SERS was successfully employed to study the antibacterial properties of inorganic and non-SERS-active ZnO NPs, by adding biocompatible and SERS-active Au NPs to enhance the SERS signatures of bacteria impacted by toxic NPs. More importantly, a novel vacuum filtration-based sample fabrication strategy was developed to acquire robust and independent biochemical changes in bacteria without undesired spectral variations. Combined with PCA-LDA multivariate analysis, clear dose- and time-dependent spectral alterations representing phenotypic bacterial responses to ZnO NPs were observed. Spectral changes in the low-dose range (0–3 mg/L) was found to be much greater than the broad high-dose range (3–480 mg/L), indicating a reduced bioavailability of ZnO NPs at higher doses. Time-dependent antibacterial properties provided important information on toxic dynamics. Toxic action of ZnO NPs as low as 3 mg/L executed rapidly within 0.5 h, and deteriorated cells to a state in which cells required 24 h to reach in DI water without ZnO NPs. In addition, ZnO NPs at low dose and long exposure time gave a similar effect to high-dosage samples, indicating low-dose effect of NPs could also be a major concern to health after long-term exposure.

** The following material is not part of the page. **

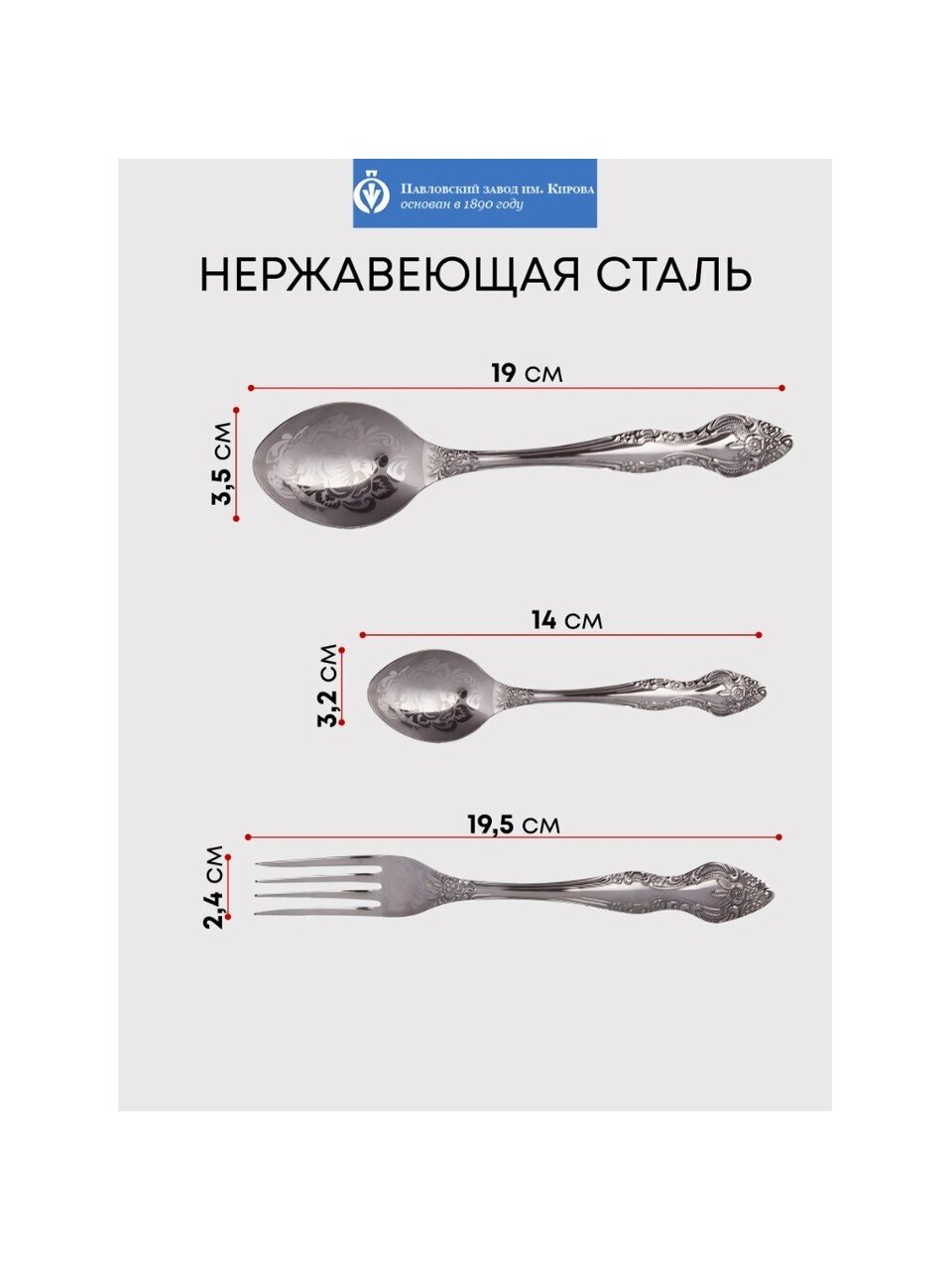 Длина каждого прибора — 19,5 см, ручки металлические, фигурные, что обеспечивает удобство и стильный внешний вид.

Time- and dose-induced biochemical changes in bacteria in response to ZnO NPs were also compared. A decrease in metabolic activity with the incubation time and doses of ZnO NPs was suggested by inspecting the common decline in ATP- and protein-related bands. In addition, lipid-related bands increased over doses but displayed a parabolic-like change over time. This indicated that bacteria possibly adopted a short-term protection strategy by producing outer membrane vesicles containing lipids to expel toxic NPs. Finally, a comparison between spectral changes and Zn2+ ions released from NPs on both dose and time scales showed that the toxicity of ZnO NPs was not caused by the released ions.

The new SERS method presented here is also applicable for diverse inorganic nanomaterials. Considering the rapid growth of nanotechnology and the emergence of new nanomaterials, SERS can be used to compare and categorize the nanotoxicity of presently existing and/or newly emerged toxic NPs.